Regarding "stand up" vs "get up" -- actually, "Fall seven times, stand up eight" is strictly a literally translated phrasing to explain the core concept of this Japanese proverb as simply as possible to those who don't speak Japanese. So you can just as well use "get up", if you like.

If you're interested, this is the original expression in Japanese: *七転び八起き*


----------



## Schlabberlatz

j-Adore said:


> Regarding "stand up" vs "get up" -- actually, "Fall seven times, stand up eight" is strictly a literally translated phrasing to explain the core concept of this Japanese proverb as simply as possible to those who don't speak Japanese. So you can just as well use "get up", if you like.


Thanks! What I meant was that maybe we should ask them where they start to count…
Falling down (1),
standing up (1),
falling down (2)
etc. (--> exaggeration).
Or:
Standing (1),
falling down (1),
standing (up) (2),
etc. (--> no exaggeration).


----------



## j-Adore

Schlabberlatz said:


> What I meant was that maybe we should ask *them *where they start to count…



If you could refer back to #14. It's your second interpretation.

Do you mean "Japanese natives"? I've been speaking JP almost as long as EN, by the way.


----------



## Schlabberlatz

j-Adore said:


> Do you mean "Japanese natives"?


Yes.



j-Adore said:


> If you could refer back to #14.


Does Japanese use the same verb for "standing" and "standing up"?


----------



## j-Adore

Schlabberlatz said:


> Does Japanese use the same verb for "standing" and "standing up"?



The 1st "standing" is expressed as 立っている with Present Progressive.

From the 2nd through to the 8th "standing up" is 立つ, 起きる or 立ち上がる, 起き上がる.


Usually, they are two diffent things. But in the proverb 七転び*八起き*, the 1st "standing" and the remaining "standing up"s are treated the same way without making a distinction.

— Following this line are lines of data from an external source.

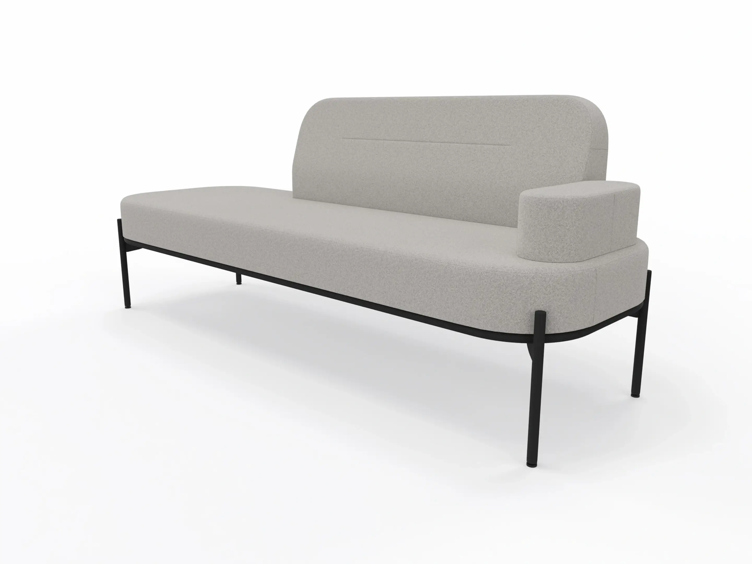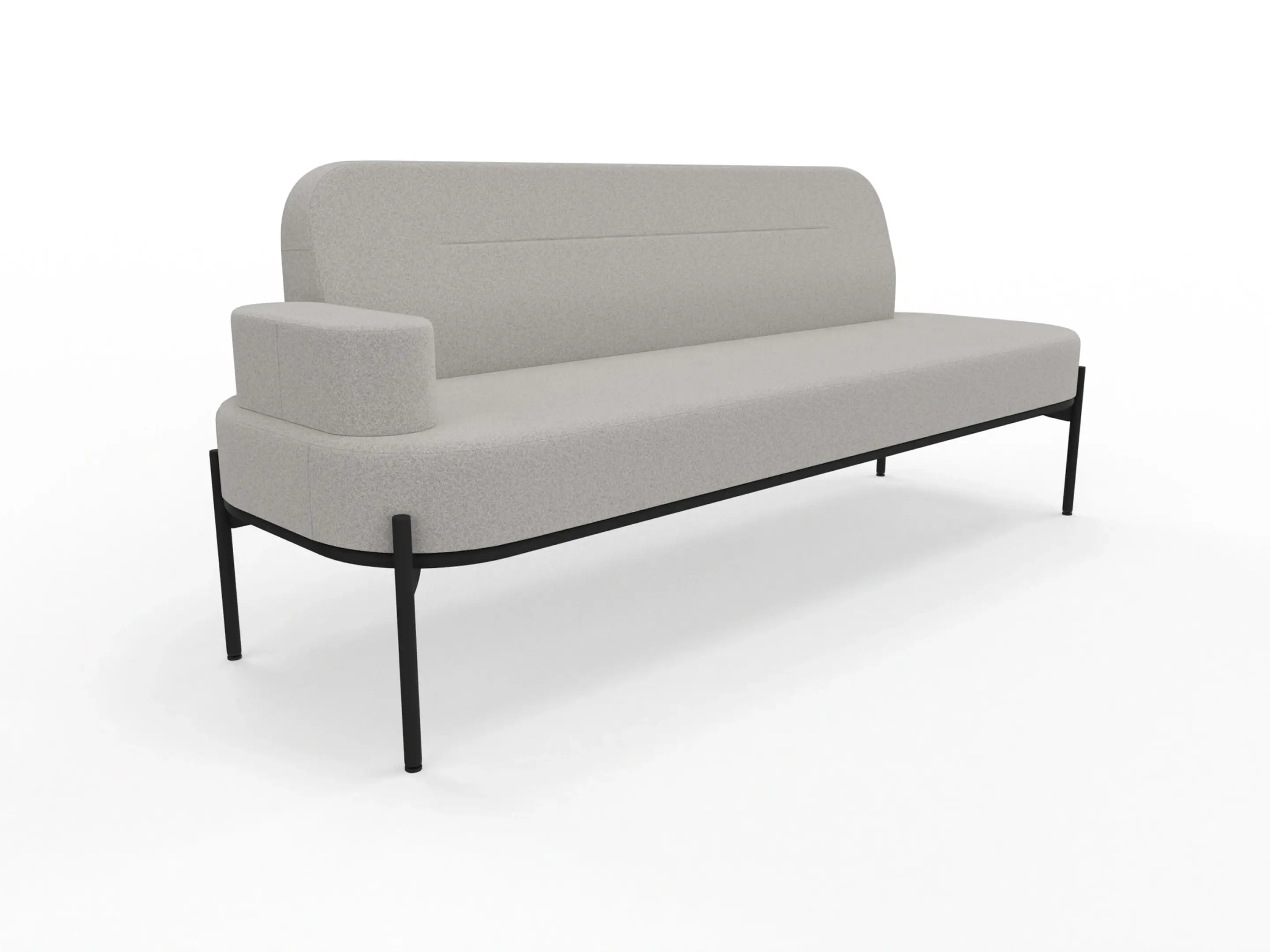 Volledig gestoffeerde 3-zits bank, 2000mm, 4-poots frame, incl. 1 armleuning, voorzien van een medium (M) rugleuning (1200mm breed). Zowel de armleuning en rugleuning zijn rechts gemonteerd.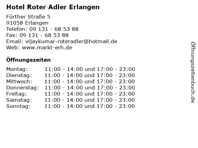 | Öffnungszeiten Hotel Roter Adler Erlangen in Erlangen anzeigen | |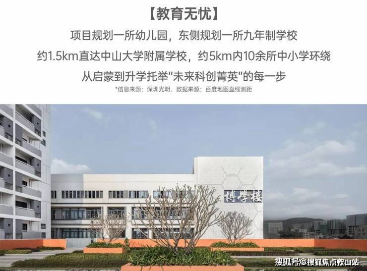 • 【教育无忧】:项目规划一所幼儿园,东侧规划一所九年制学校,约1.5km直达中山大学附属学校,约5km内10余所优质中小学环绕,从启蒙到升学托举“未来科创菁英”的每一步。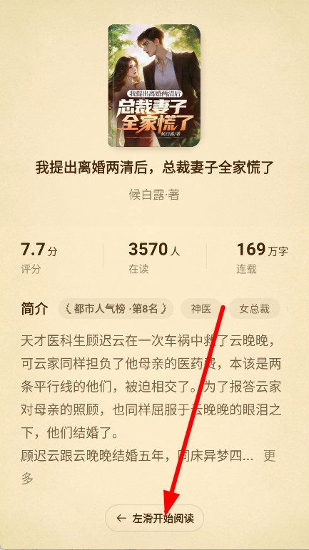 4、进入小说介绍页面,左滑屏幕,即可开始阅读小说。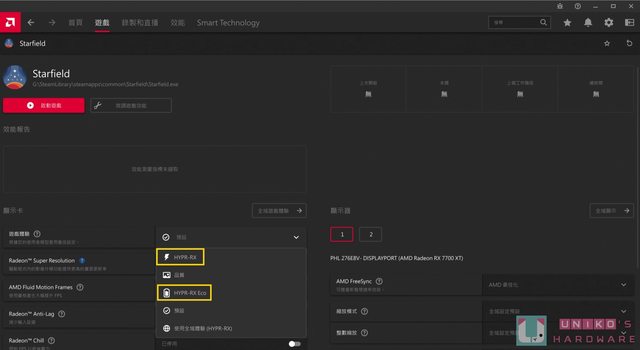 若要啟用完整 HYPR-RX 功能,需要使用者在遊戲內更改解析度才能啟動 RSR 功能,PJ 螢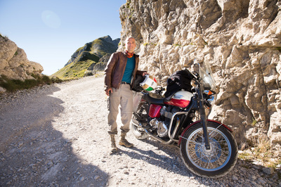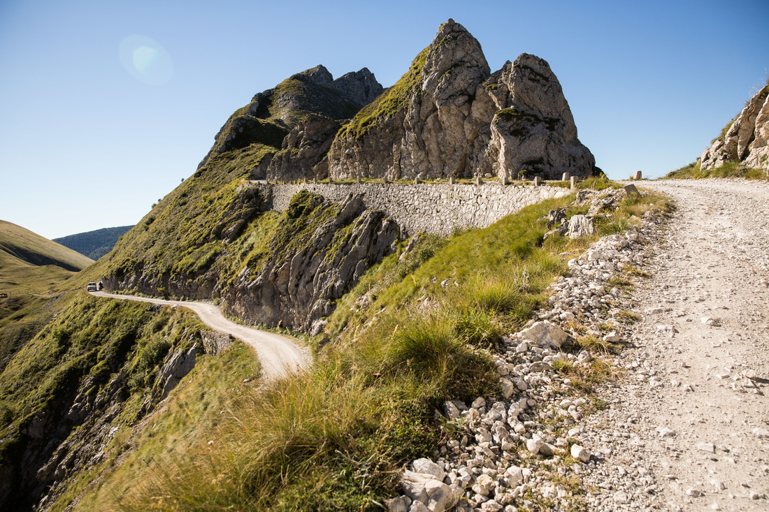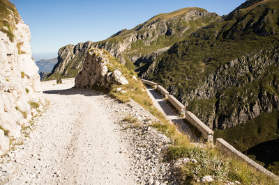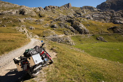 Ich hatte schon Schwierigkeiten, den Einstieg zu finden, obwohl ich einen GPS - Track auf dem Navi hatte. Am Beginn gibt es ein altes Fort und man muss eben mitten durch diese Ruinen fahren. Die Militärstraße geht mitten durch das alte Militärgelände. Und dann stehen 80 km grober Schotter vor einem, wobei ich mich auf den Haupteil mit knapp 50km beschränkt hatte. Es gab keine Stelle, die extrem schwierig gewesen wäre oder wo man nur mit einer Portion Wahnsinn durchbrettern kann. Der Anfang war am kompliziertesten, weil es gleich so steil hoch geht. Die gesamte Strecke bin ich im ersten Gang gefahren und häufig mit schleifender Kupplung. Schon nach dem ersten Kilometer bin ich nassgeschwitzt und es rüttelt alles durch. Ich hab da einfach Hemmungen, mit höherer Geschwindigkeit drüberwegzubrettern.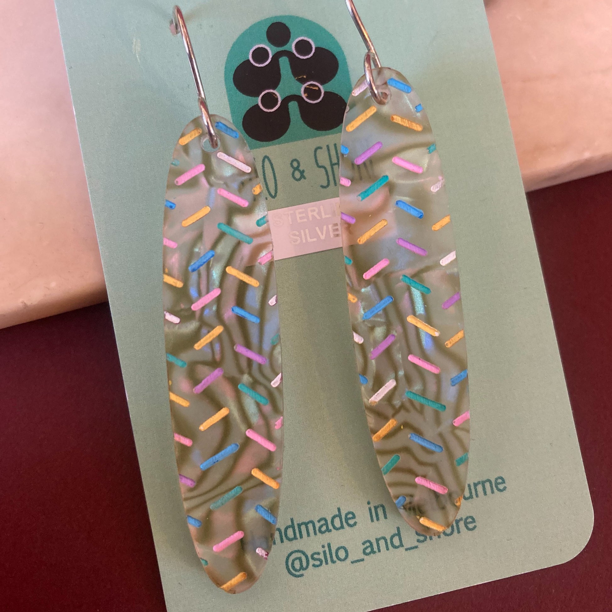 Beautifully detailed earrings - handmade in Melbourne's West; each piece is an original design and the hooks have been handcrafted from sterling silver.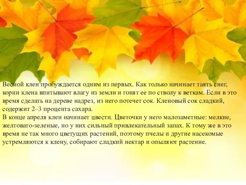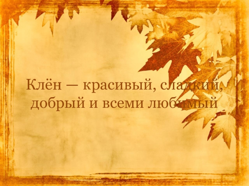 Слайд 2Клён — красивый, сладкий, добрый и всеми любимый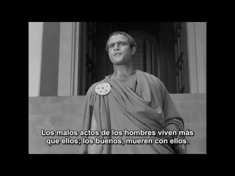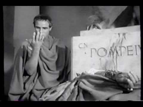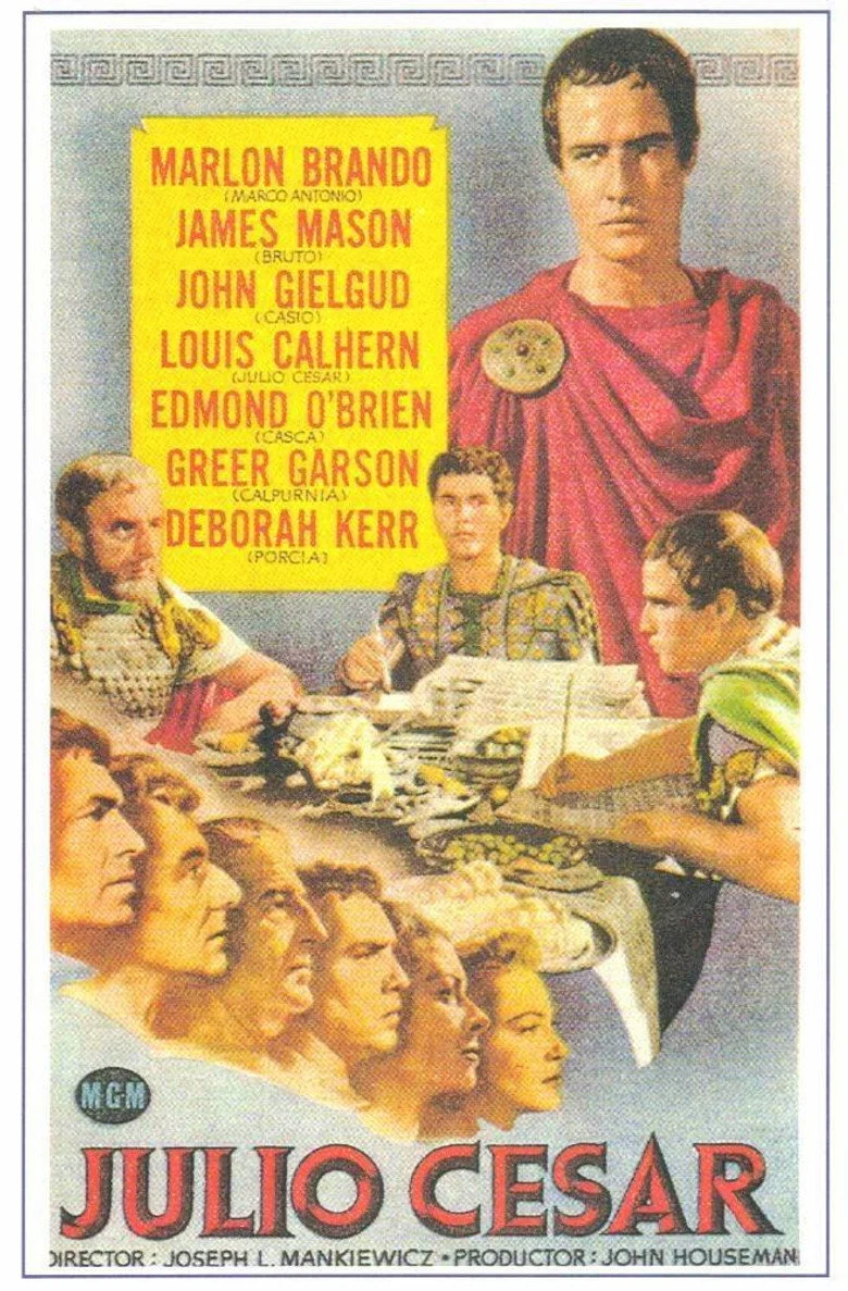 Sinopsis: Fiel adaptación para el cine de la obra homónima de Shakespeare. Terminada la guerra civil entre César y Pompeyo (49-46 a. C.), César se convierte en dictador vitalicio y concentra en su persona todos los poderes, lo cual implica, de hecho, la desaparición de la República. En el año 44 a. C., Casio y Bruto, dos nobles romanos defensores a ultranza de las libertades republicanas, encabezan una conjura contra el dictador, que es asesinado en los idus de marzo de ese mismo año. Cabría destacar el apologético (y demagógico) discurso que pronuncia Marco Antonio en defensa de César con el fin de soliviantar a la plebe contra los tiranicidas. Con esta obra Mankiewicz propone una lección política sobre los regímenes autoritarios.

This 八起き denotes the seven "standing/getting up"s, as well as the *state *of the 1st "standing".


----------



## Schlabberlatz

If I understand Flaminius correctly, the main aspect is the fact that you don't fall down again after your last comeback, so the last comeback is different and special… so it gets the distinction of being called the _eighth_ comeback.



Flaminius said:


> Fifth, we can still argue that the perseverance sense reorganizes the meaning of the seven and eight in such a way that suits itself.
> […]
> [and I hear in India there was one called seven-fall-seven-come-back-magnate, who went bankrupt seven times, and for the eighth time, became even richer . . .]
> […]
> The author (or someone quoted by him, but I will just call this person the author) coined the name of the magnate in quite a logical way. If someone has survived seven bankruptcies, they made seven come-backs. Strangely, this expression didn't get popular. In fact, this is the first time I came across it.
> 
> Sixth, what is more interesting is that the author unconsciously explained the thinking behind 七転び八起き. He said, 七度潰れて八度目に以前より立派な長者になつた, or "[this magnate] collapsed seven times and became even richer for the eighth time." The number of his bankruptcies was seven times. He couldn't have gone bankrupt eight times! The only possible referent of "the eighth time" (八度目) is his come-back after the seventh collapse. The mental procedure of reckoning must have been like this:
> 1. Count the first collapse as once.
> 2. Count the second collapse as twice.
> 3. Retrospectively include the first come-back into the first collapse, lumping them together as the episode leading up to the second collapse.
> 4. Hereafter, every collapse and come-back are counted as a single occurrence.
> 5. Come the seventh collapse and the seventh comeback.
> 6. They cannot be counted as one because, unlike other times, the magnate never went bankrupt again.
> 
> The author termed the seventh come-back as "the eighth" in order to highlight the difference of this event from other occurrences.
> […]
> If seven and eight means anything, they may be related to the statement that a success after a failure brings great honour (greater honour than that brought by a simple success, perhaps?):
> 一事業で失敗をしても…新事業に手を出して。まんまと其事を仕遂げた時にやア。唯に前辱を雪ぐばかりか大に名誉を博し得べしだ。




So it means _you try seven times_ and fall down seven times… _and then you try for the eighth time_!


----------